Iconv has been reported to have a memory leak in 2004 and 2009 (and I even saw something from 1999). I am using xubuntu 12.04 which is only 2 years old. One would think the f#(%!#@ bug would be fixed by now!
Hmm. Maybe it's possible to use something else for conversion? For example, I googled that: http://site.icu-project.org/
===
What is ICU?
ICU is a cross-platform Unicode based globalization library. It includes support for locale-sensitive string comparison, date/time/number/currency/message formatting, text boundary detection, character set conversion and so on.
Well, as far as I see there are at least 2 versions of iconv() -- glibc version and libiconv that shoud be installed separately: https://www.gnu.org/software/libiconv/
Maybe libiconv version has not memory issues?
First, since ddrutility is compiled by the user, it would make it difficult to add ICU or include a specific version of iconv. Either it has to be standard, or I have to be able to easily include it in the source.
Second, I think I am figuring out how to deal with the iconv memory leak! Iconv seems VERY picky about always using the EXACT same memory location for input and output for every call, and it also only likes being opened and closed once during the program run. Actually it may not like even being closed before the program ends under some conditions.
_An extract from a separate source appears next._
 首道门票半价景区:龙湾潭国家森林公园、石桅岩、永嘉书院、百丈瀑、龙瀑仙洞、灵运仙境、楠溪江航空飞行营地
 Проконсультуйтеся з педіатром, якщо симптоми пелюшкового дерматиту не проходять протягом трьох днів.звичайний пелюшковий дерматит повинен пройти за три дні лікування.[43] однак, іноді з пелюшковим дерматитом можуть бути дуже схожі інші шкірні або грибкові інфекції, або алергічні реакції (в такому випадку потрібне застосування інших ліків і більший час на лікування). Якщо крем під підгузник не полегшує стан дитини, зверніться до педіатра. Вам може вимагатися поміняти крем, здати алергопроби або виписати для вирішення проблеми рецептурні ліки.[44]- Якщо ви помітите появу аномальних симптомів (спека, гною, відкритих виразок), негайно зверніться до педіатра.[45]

I do not have a beta to release yet as I want to work on a few things, but as far as I can tell I should be able to eliminate or very much suppress the memory leak :)
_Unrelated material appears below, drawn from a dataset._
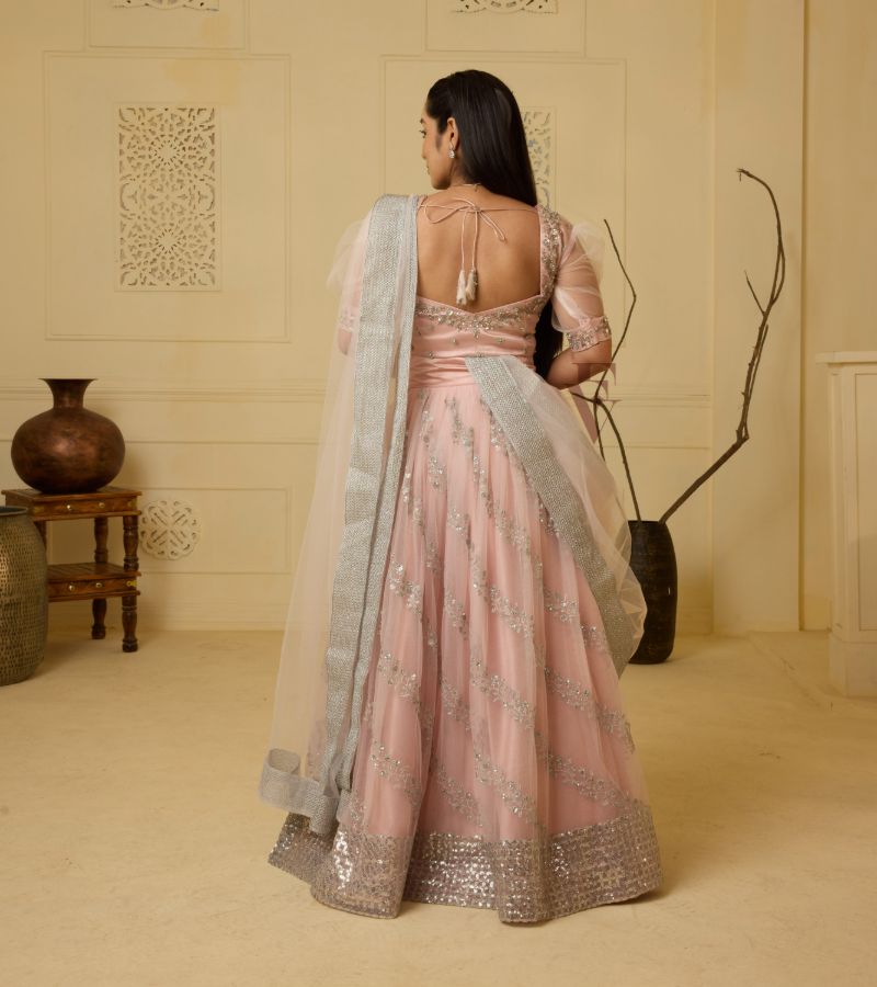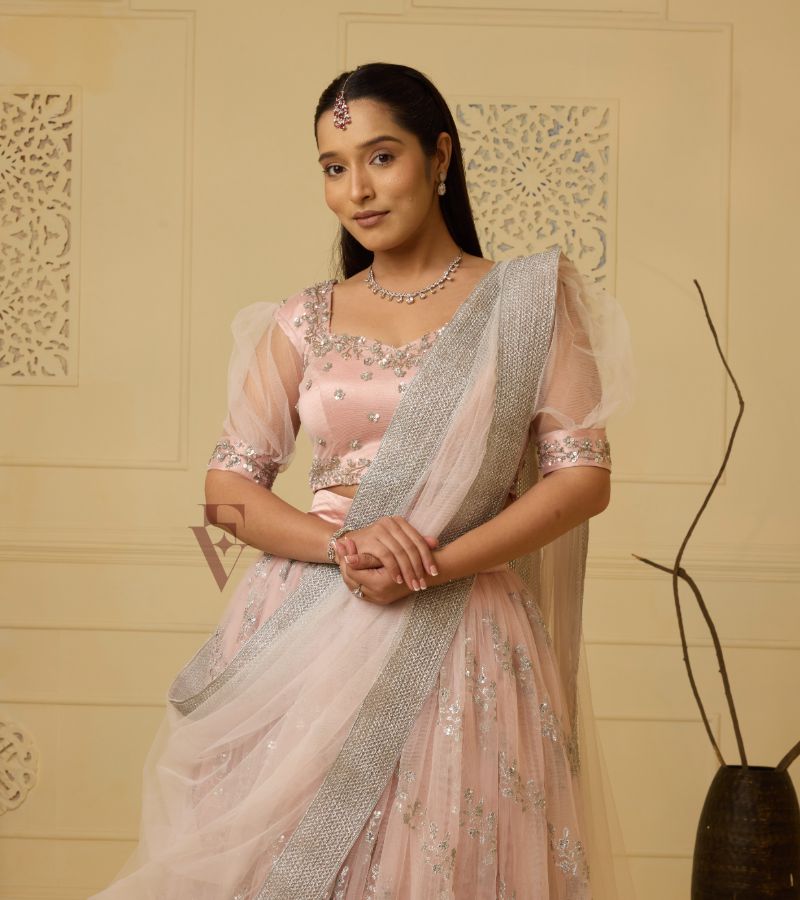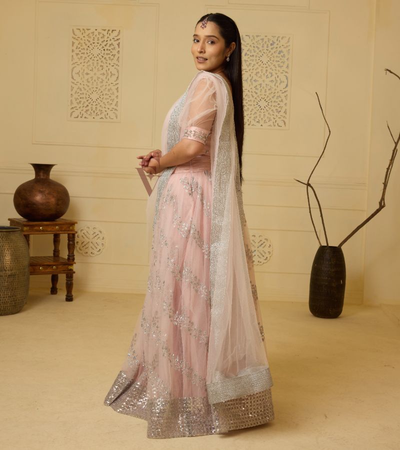 A soft and elegant mild pink Lehanga with delicate embellishments and embroidery. The layered border design enhances the overall appeal, while the fitted blouse and gracefully draped dupatta comple...

Yes, calling iconv_open() once is very good idea :) but how can it use the same memory location for input and output? when output is wider than input it means that next input will be overwritten or I am misunderstanding something...
To clarify, I mean the input needs to always point to the same memory location, and the output always needs to point to the same location. The input and output memory locations are separate. Iconv changes the input and output pointers so they both have to be put back before the next call. The memory locations must only be set once in the program, and also can never be "free"d after the first call to iconv or the program crashes. And as I also found out in longer runs, it is not a good idea to close iconv before program exit, but instead let it be closed by program exit (or it can crash). Iconv is buggy as hell, but I think I can work with it. Although more testing may be needed to be sure.
I just uploaded 2.3-beta3. Ddru_ntfsfindbad now has about the best possible fix/workaround for the iconv memory leak. It should use much less memory now, probably no more than the previous stable version. I have also improved how it handles unconvertible characters. It now does not exit, but instead skips the unconvertible characters in the name and produces output on the screen for how many were skipped for each inode. I also found that you can add //TRANSLIT to the encoding type for it to make an attempt at converting the characters to the closest thing it can, or to a default character (usually the "?"). For example, try the option --encoding CP866//TRANSLIT and see what happens. There is also //IGNORE, but that is basically what is now done by default, and using that addition only suppresses all messages in this case.
Thank you for nice work :) tested v2.3 in some cases and had no issues with language support!